Wall Street corrige lourdement ce jeudi avec Alphabet et Tesla, le Nasdaq décrochant de 2,26% à 25.109 pts, contre un recul de 1,16% à 7.412 pts sur le S&P 500 et une baisse de 0,91% à 51.743 pts sur le DJIA. La nervosité est palpable, alors que Tesla a largement manqué le consensus de profits et qu'Alphabet a relevé de 15 milliards de dollars ses plans de capex. L'escalade des tensions au Moyen-Orient pèse également toujours. Le baril de brut WTI prend 5,6% à 91,7$. L'once d'or fin cède 1,7% à 4.059$. L'indice dollar gagne 0,3% face à un panier de devises.

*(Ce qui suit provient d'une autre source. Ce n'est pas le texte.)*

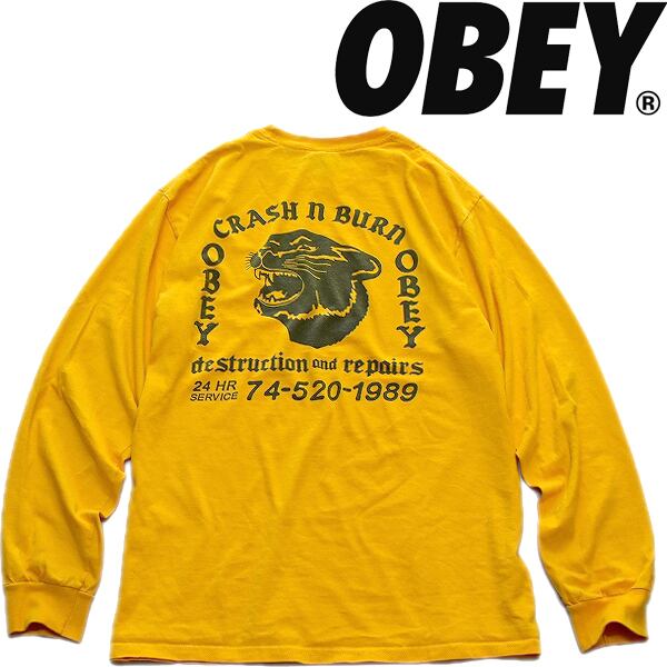 1点物◆オベイOBEY黄色バックプリント長袖ロンTシャツ古着メンズMLレディースOKアメカジブランド90sストリートMixスポーツ/スケート372406

Dans l'actualité géopolitique, la prudence domine face à l'évolution de la situation au Moyen-Orient, où l'escalade des hostilités entre les États-Unis et l'Iran ne montre guère de signes d'apaisement. Les opérateurs craignent que le conflit ne s'étende à d'autres zones du Golfe, perturbant davantage l'approvisionnement mondial en pétrole en provenance de la région. Les Houthis du Yémen, soutenus par Téhéran, ont revendiqué des attaques contre deux pétroliers saoudiens en mer Rouge...

Washington semble pour sa part plutôt intensifier sa campagne, alors même que des médiateurs tentent pourtant de relancer une solution diplomatique. Avant-hier, Trump a indiqué que les États-Unis n'avaient aucun intérêt à rencontrer l'Iran... Il avait précédemment promis que l'Iran paierait pour la mort de trois soldats américains survenue ces derniers jours, alors même que des médiateurs proposaient une nouvelle trêve dans un contexte d'élargissement du conflit au Moyen-Orient. Le conflit semble donc toujours loin d'être résolu, malgré les annonces à répétition d''accord imminent'.

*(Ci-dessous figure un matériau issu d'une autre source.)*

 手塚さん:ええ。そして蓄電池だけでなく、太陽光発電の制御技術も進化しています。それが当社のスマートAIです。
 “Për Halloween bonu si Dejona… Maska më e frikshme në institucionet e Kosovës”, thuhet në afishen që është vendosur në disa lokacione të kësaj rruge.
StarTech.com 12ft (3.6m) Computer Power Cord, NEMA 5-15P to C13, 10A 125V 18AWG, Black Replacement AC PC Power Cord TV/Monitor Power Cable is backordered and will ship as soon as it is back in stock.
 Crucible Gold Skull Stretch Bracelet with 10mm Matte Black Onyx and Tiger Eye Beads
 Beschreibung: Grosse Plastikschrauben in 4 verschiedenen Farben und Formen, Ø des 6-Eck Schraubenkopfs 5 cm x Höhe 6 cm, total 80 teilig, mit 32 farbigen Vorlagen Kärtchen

Sur le front économique à Wall Street ce jeudi, les inscriptions hebdomadaires au chômage pour la semaine close le 18 juillet se sont établies à 187.000 seulement, contre 215.000 de consensus FactSet et 209.000 une semaine avant. L'indice d'activité nationale de la Fed de Chicago pour le mois de juin, qui vient aussi d'être publié, est ressorti négatif à -0,02 contre -0,19 un mois avant.

Enfin, l'indice flash PMI composite américain de juillet et les ventes de logements neufs du mois de juin seront annoncés demain.

Dans l'actualité des entreprises à Wall Street, les publications financières trimestrielles s'accélèrent cette semaine. Alphabet, Tesla, Texas Instruments, IBM, ServiceNow, CSX ou Kinder Morgan publiaient hier soir. Intel (après bourse), RTX, T-Mobile US, Thermo Fisher Scientific, SAP, Union Pacific, Lockheed Martin, Newmont, Blackstone, Comcast, Freeport-McMoran, Norfolk Southern, Honeywell, Digital Realty Trust, Roper, PG&E, Edwards Lifesciences et Nasdaq Inc., annoncent ce jeudi. American Express, NextEra, Verizon, Tenet Healthcare, Charter Communications, SLB et HCA Healthcare, publieront enfin vendredi.

Les valeurs

Tesla (-13,2%), le constructeur texan de véhicules électriques, ne fait pas vraiment rêver les investisseurs. Le groupe d'Elon Musk a publié pour son 2e trimestre fiscal des revenus de 28,24 milliards de dollars, en croissance de 26% en glissement annuel, mais un bénéfice ajusté par action inférieur aux attentes à 33 cents. Les lourds investissements consentis en R&D ont affecté la rentabilité.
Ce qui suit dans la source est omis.